CyberInsider

Reliable cybersecurity news and resources

General

Latest News

About

CyberInsider covers the latest news in the cybersecurity and data privacy world. In addition to news, we also publish in-depth guides and resources.
See our Mission >

New SNI5GECT Attacks Bypass 5G Security Without Rogue Towers

By Leave a Comment
LinkedInReddit

A powerful open-source framework called SNI5GECT can sniff and inject messages into pre-authentication 5G NR communication without relying on rogue base stations.

The tool, which was developed by researchers from the Singapore University of Technology and presented at the 34th USENIX Security Symposium, enables practical exploitation of vulnerabilities in commercial 5G devices, including denial-of-service, connection downgrades, and identity leaks.

The framework addresses the limitations of existing 5G attack models that rely on rogue gNBs (base stations), which are complex to deploy, easier to detect, and require forcing user equipment (UE) to connect to them.

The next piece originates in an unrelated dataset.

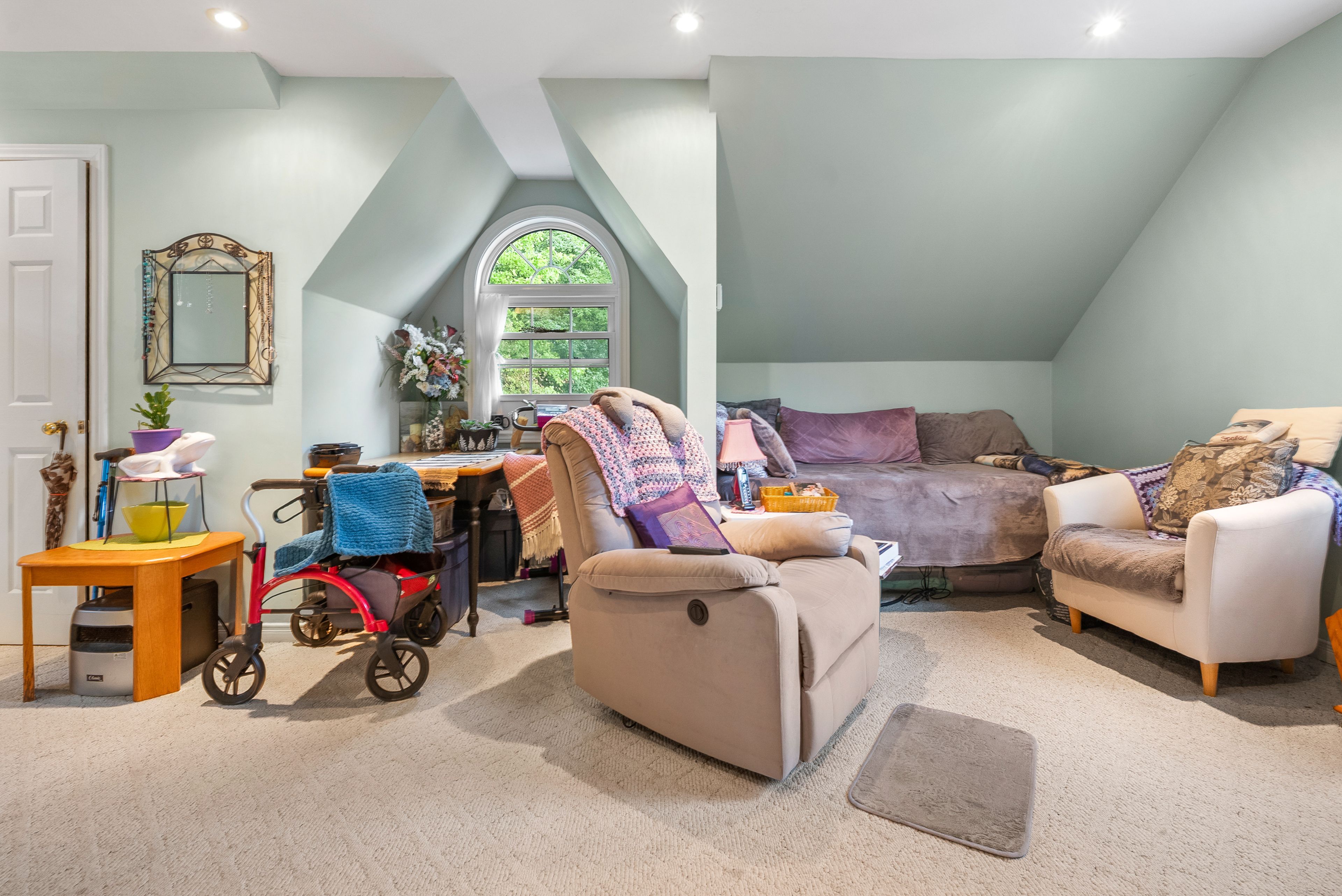 • In-law suite above garage with fireplace and separate entrance.

Instead, SNI5GECT operates as a passive third party, silently monitoring 5G traffic and injecting messages at specific protocol states using a software-defined radio (SDR) setup. It is accompanied by a GitHub release providing the full 5G Sniffer and Downlink Injector Framework, offering researchers and defenders a practical testbed for real-world 5G attack analysis.

How SNI5GECT works

SNI5GECT targets the pre-authentication window, the critical moment during initial 5G connection when control-plane messages are unencrypted. This window, triggered during common scenarios like exiting airplane mode or emerging from tunnels, allows attackers to eavesdrop and manipulate protocol flows without knowing UE credentials.

The system comprises several components:

  • Syncher: Aligns with the target 5G cell, decodes the Master Information Block (MIB), and maintains subframe synchronization.
  • Broadcast Worker: Extracts and decodes the SIB1 (System Information Block), then monitors for new UEs via the Random Access Response (RAR) message.
  • UETracker: Actively tracks each detected UE through dedicated downlink and uplink sniffers, determines protocol state, and manages attack payload injection.
  • GNB DL Injector: Crafts and transmits spoofed downlink messages that mimic legitimate gNB transmissions, carefully timed to avoid CRC rejections or collision with actual base station traffic.

By sniffing both downlink (PDSCH) and uplink (PUSCH) traffic and decoding the control channels (PDCCH), SNI5GECT enables precise, stateful injection, whether during Registration, RRC Setup, or NAS procedures. It uses clever timing adjustments via Timing Advance Command (TAC) values to decode misaligned uplink messages and inject payloads effectively up to 20 meters away.

The tool's internal architecture and injection timing

Attacks and capabilities

SNI5GECT was tested on five commercial 5G devices, namely OnePlus Nord CE 2, Huawei P40 Pro, Google Pixel 7, Samsung Galaxy S22, and a Fibocom USB modem, with both open-source (srsRAN) and commercial (Effnet) base stations.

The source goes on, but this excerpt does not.